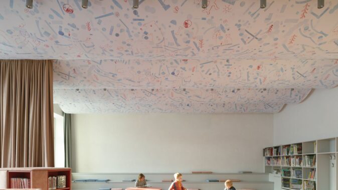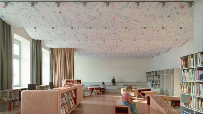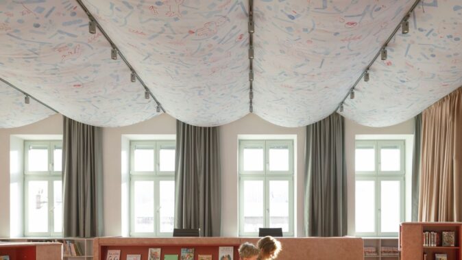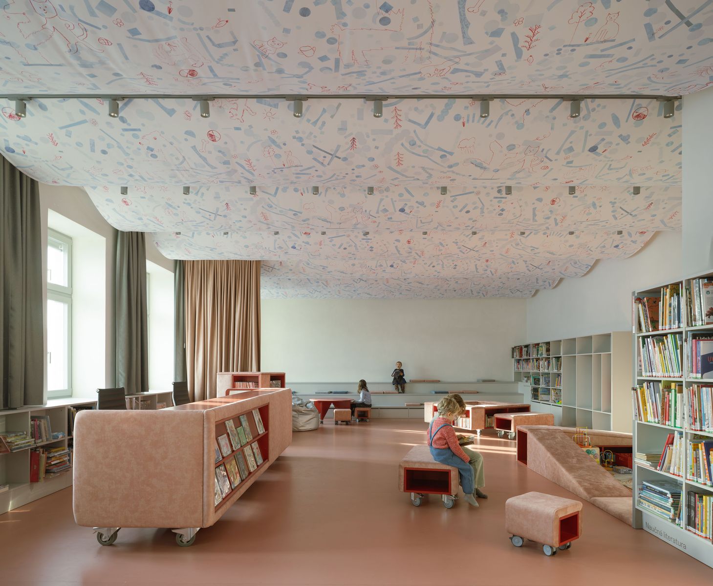 V přízemí je nábytek uspořádán do pravidelných řad pro oddělení dospělých. Dětské oddělení v patře pracuje s hravější kompozicí regálů a různými výškami nábytku odpovídajícími věkovým skupinám. Strop doplňuje textilní baldachýn od výtvarnice Lindy Retterové, vytvořený během workshopu s místními dětmi. Prvek zlepšuje akustiku a zároveň změkčuje světlo v prostoru.
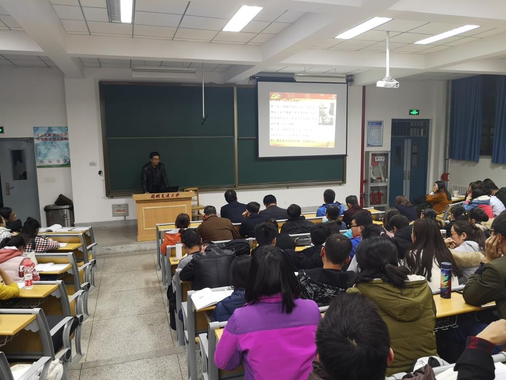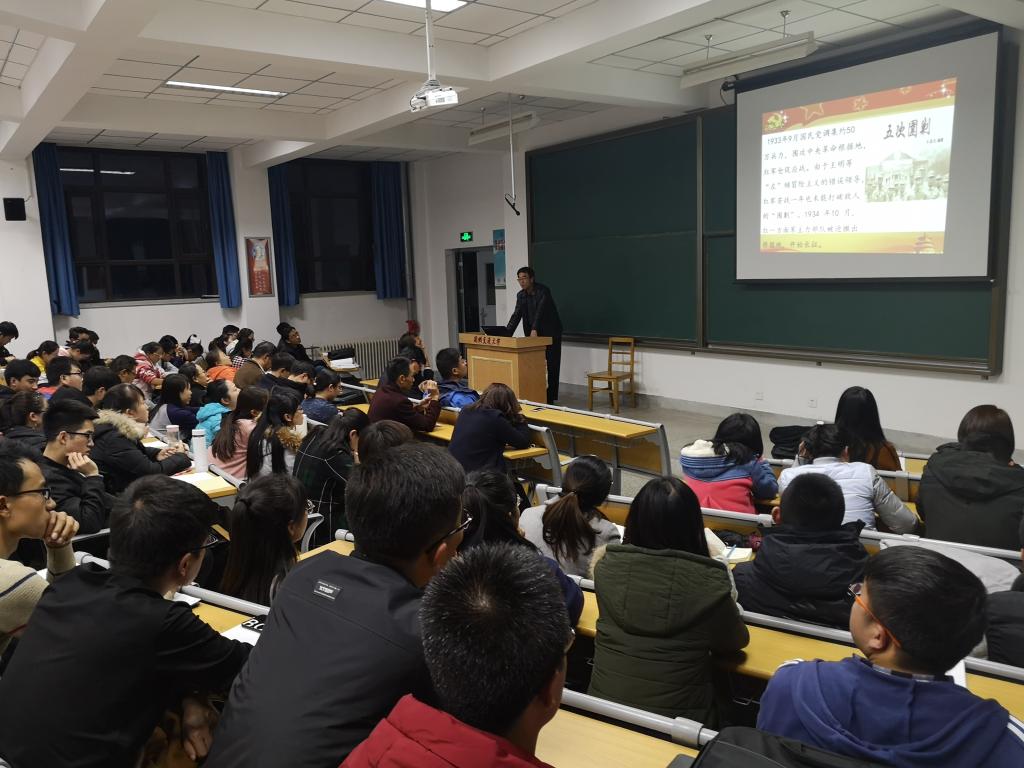 2018年11月14日晚,化学与生物工程学院党委书记薛林贵教授为全体教工和学生党员做了“讲规矩,守纪律”专题报告。共220人聆听了报告会。
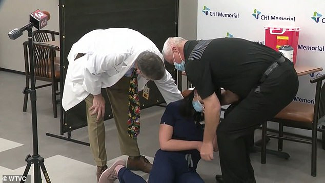 Στο νοσοκομείο CHI Memorial στην Chattanooga (ή μήπως ”Satan-ooga”) στο Tennessee η Tiffany Dover, μια Προϊσταμένη των νοσηλευτριών του Catholic Health Initiatives (CHI) Memorial Hospital λιποθύμησε αφότου εμβολιάστηκε με Pfizer-BioNTech COVID-19 μπροστά στις κάμερες σύμφωνα με βίντεο του WTVC-TV NewsChannel 9 και του WRCBtv 3 here .
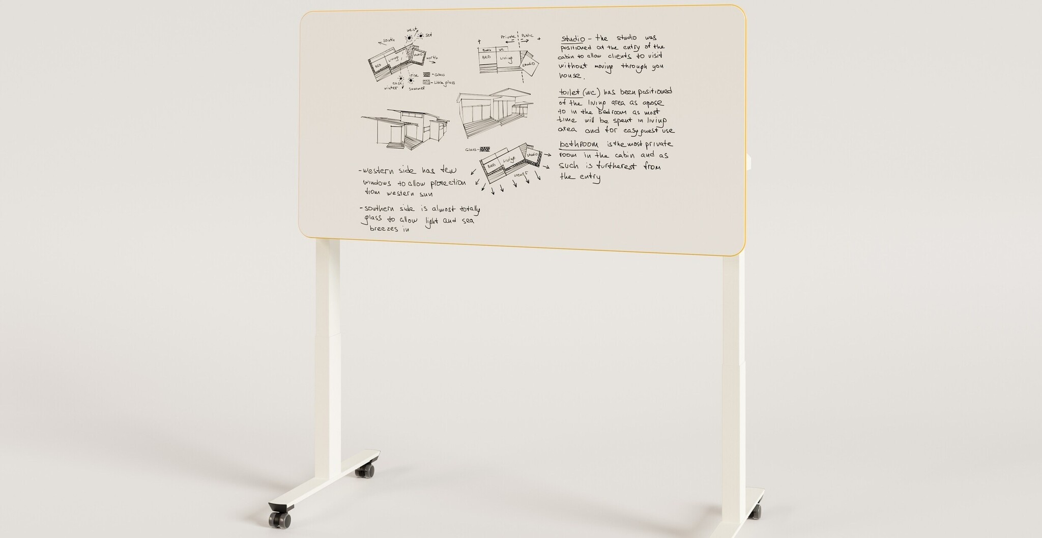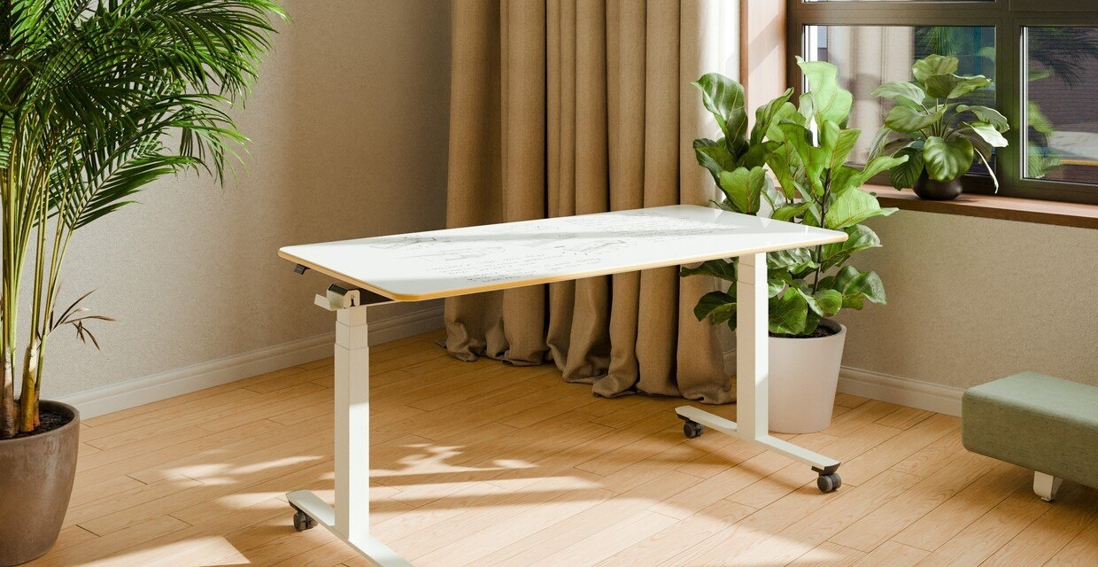 De conferentietafel (afmetingen 1600 mm x 800 mm) is een elektromotorisch CREW-T frame op wielen. Het tafelblad kan worden gekanteld en kan horizontaal worden gebruikt om te werken of verticaal voor presentaties. Er is keuze uit verschillende melamine afwerkingen en een beschrijfbaar whiteboard. Het tafelblad heeft afgeronde hoeken en biezen. De projectklaptafel kan elektrisch of optioneel met een oplaadbare accu worden gebruikt.
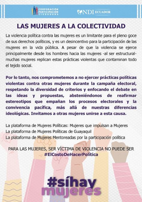 Con el pulgar arriba de los participantes terminó la tarde de hoy jueves 19 el evento virtual de lanzamiento de la campaña El costo de hacer política, que impulsa la Corporación de Participación Ciudadana ,y que incluye el Pacto de no agresión entre mujeres candidatas para dejar de lado la violencia política y sustituirla por el debate de ideas y análisis de propuestas.
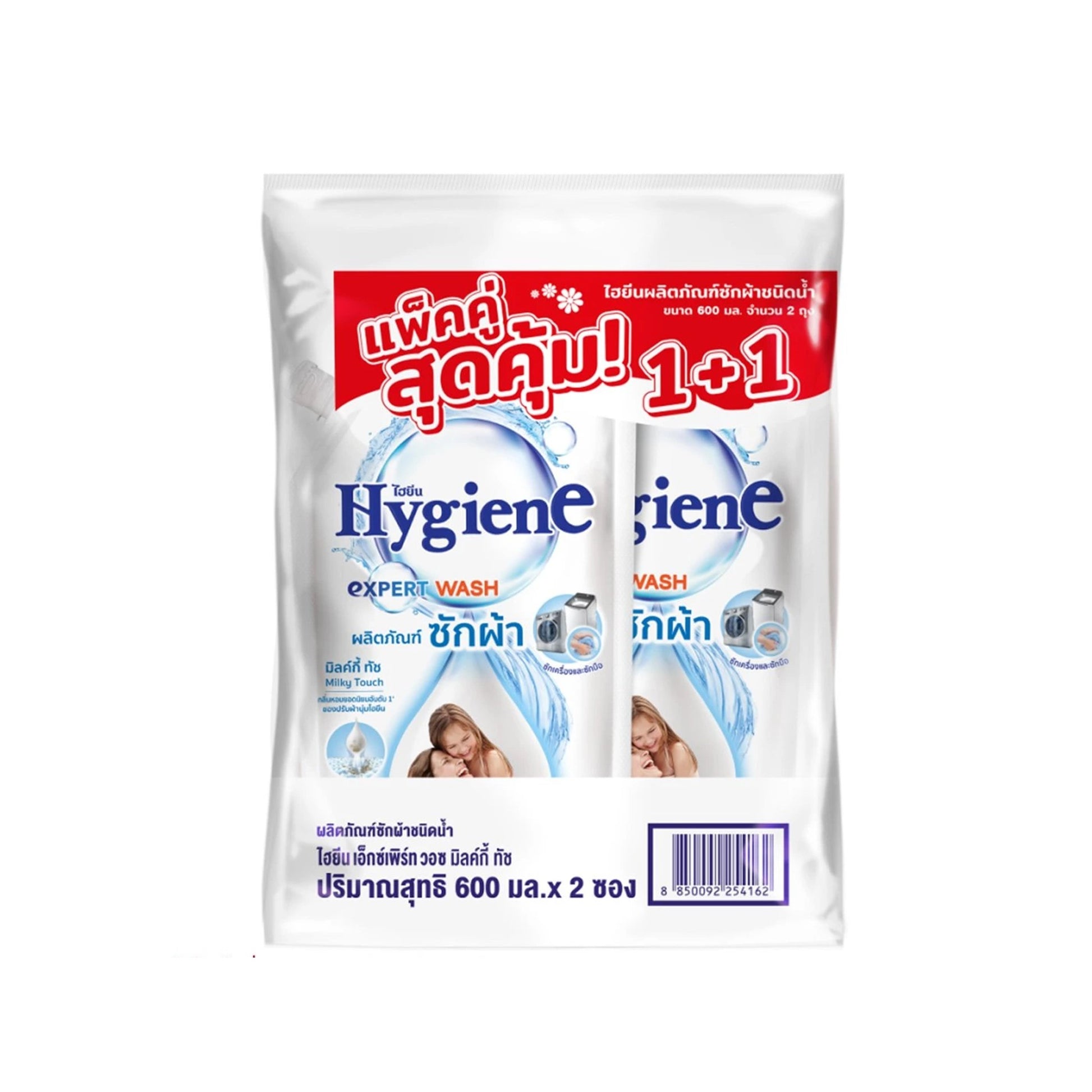 ไฮยีนเอ็กซ์เพิร์ทวอชน้ำยาซักผ้าชนิดน้ำสูตรเข้มข้นกลิ่นมิลค์กี้ทัช 600มล. แพค 2

++++++++++

» Your assignment:
Please transcribe each entry exactly and exclude any image it contains.

» Reply:
 V přízemí je nábytek uspořádán do pravidelných řad pro oddělení dospělých. Dětské oddělení v patře pracuje s hravější kompozicí regálů a různými výškami nábytku odpovídajícími věkovým skupinám. Strop doplňuje textilní baldachýn od výtvarnice Lindy Retterové, vytvořený během workshopu s místními dětmi. Prvek zlepšuje akustiku a zároveň změkčuje světlo v prostoru.
 2018年11月14日晚,化学与生物工程学院党委书记薛林贵教授为全体教工和学生党员做了“讲规矩,守纪律”专题报告。共220人聆听了报告会。
 Στο νοσοκομείο CHI Memorial στην Chattanooga (ή μήπως ”Satan-ooga”) στο Tennessee η Tiffany Dover, μια Προϊσταμένη των νοσηλευτριών του Catholic Health Initiatives (CHI) Memorial Hospital λιποθύμησε αφότου εμβολιάστηκε με Pfizer-BioNTech COVID-19 μπροστά στις κάμερες σύμφωνα με βίντεο του WTVC-TV NewsChannel 9 και του WRCBtv 3 here .
 De conferentietafel (afmetingen 1600 mm x 800 mm) is een elektromotorisch CREW-T frame op wielen. Het tafelblad kan worden gekanteld en kan horizontaal worden gebruikt om te werken of verticaal voor presentaties. Er is keuze uit verschillende melamine afwerkingen en een beschrijfbaar whiteboard. Het tafelblad heeft afgeronde hoeken en biezen. De projectklaptafel kan elektrisch of optioneel met een oplaadbare accu worden gebruikt.
 Con el pulgar arriba de los participantes terminó la tarde de hoy jueves 19 el evento virtual de lanzamiento de la campaña El costo de hacer política, que impulsa la Corporación de Participación Ciudadana ,y que incluye el Pacto de no agresión entre mujeres candidatas para dejar de lado la violencia política y sustituirla por el debate de ideas y análisis de propuestas.
 ไฮยีนเอ็กซ์เพิร์ทวอชน้ำยาซักผ้าชนิดน้ำสูตรเข้มข้นกลิ่นมิลค์กี้ทัช 600มล. แพค 2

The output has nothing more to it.